What was that all about, anyway? How often does he bring her up for you to even notice that he refuses to say her name?

 

I would feel differently about this if their relationship were further in the past and the emotional dust had settled, or if they'd been friends a long time and briefly dated only to discover they were better as friends and had remained on good terms. I don't think that's what you're dealing with at all here, though.

 

This is what has made me wonder whats really happening. He only really brought her up during drunken conversations (often having heart to hearts about the past, both of us were probably guilty of talking too much about exes on more than one occasion!)

 

They were friends for a very long time from what I can tell, but the 'relationship' seemed to drag on. Or not.
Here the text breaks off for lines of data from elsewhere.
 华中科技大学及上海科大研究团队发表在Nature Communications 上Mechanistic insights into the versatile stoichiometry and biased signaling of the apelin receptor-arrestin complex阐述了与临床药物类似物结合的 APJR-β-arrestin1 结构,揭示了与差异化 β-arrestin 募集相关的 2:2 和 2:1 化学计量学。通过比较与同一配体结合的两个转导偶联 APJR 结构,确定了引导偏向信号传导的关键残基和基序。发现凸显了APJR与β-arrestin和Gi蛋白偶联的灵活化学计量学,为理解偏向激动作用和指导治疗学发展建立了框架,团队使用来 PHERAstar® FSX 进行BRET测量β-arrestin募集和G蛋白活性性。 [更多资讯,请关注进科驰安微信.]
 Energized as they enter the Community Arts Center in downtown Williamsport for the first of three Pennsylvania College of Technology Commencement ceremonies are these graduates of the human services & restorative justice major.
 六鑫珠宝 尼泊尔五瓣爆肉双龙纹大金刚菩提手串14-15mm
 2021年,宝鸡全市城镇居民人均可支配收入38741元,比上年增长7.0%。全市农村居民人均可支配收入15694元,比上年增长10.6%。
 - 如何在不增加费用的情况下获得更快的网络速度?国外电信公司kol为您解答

I don't know what to make of it, as according to him they never really officiated anything or got together.

 

He has said today that he would like me to go along if he does arrange to meet her, which I guess is a positive sign?

Posted (edited)

He's sooo not over her. This is so messy and drama is waiting around the corner, so be ready for it. Personally, I wouldn't proceed with a guy who can't can't even utter the name of his ex. A solid relationship can only be built with someone who has completely moved on from their past hurts. Someone who can talk about his previous relationships as a matter of fact, with no bleeding wounds. Dating a wounded bird is exhausting, it doesn't work and most likely he will eventually wound you in return.

 

To those who say "you either trust him or not" - trust is earned. A new relationship doesn't start with trust (and how could it, you don't know the person, you don't know what he/she is capable of!), it's a process towards earning it. This guy is taking a major risk to damage and set back that process by making such a questionable move, which speaks so much about what is important to him. If I'd really want someone, I would avoid taking such risks - suddenly becoming buddies with an ex I had a messy history with, going on a trip with an ex or some guy friend, acting shady etc. I'd respect my chance with that person too much to make them start questioning me.

 

This guy is acting in a way that tells me - he doesn't have that respect. Doesn't mean it's intentional or that he's a bad person, but he's willing to risk losing his chance and you should take notes on that, OP.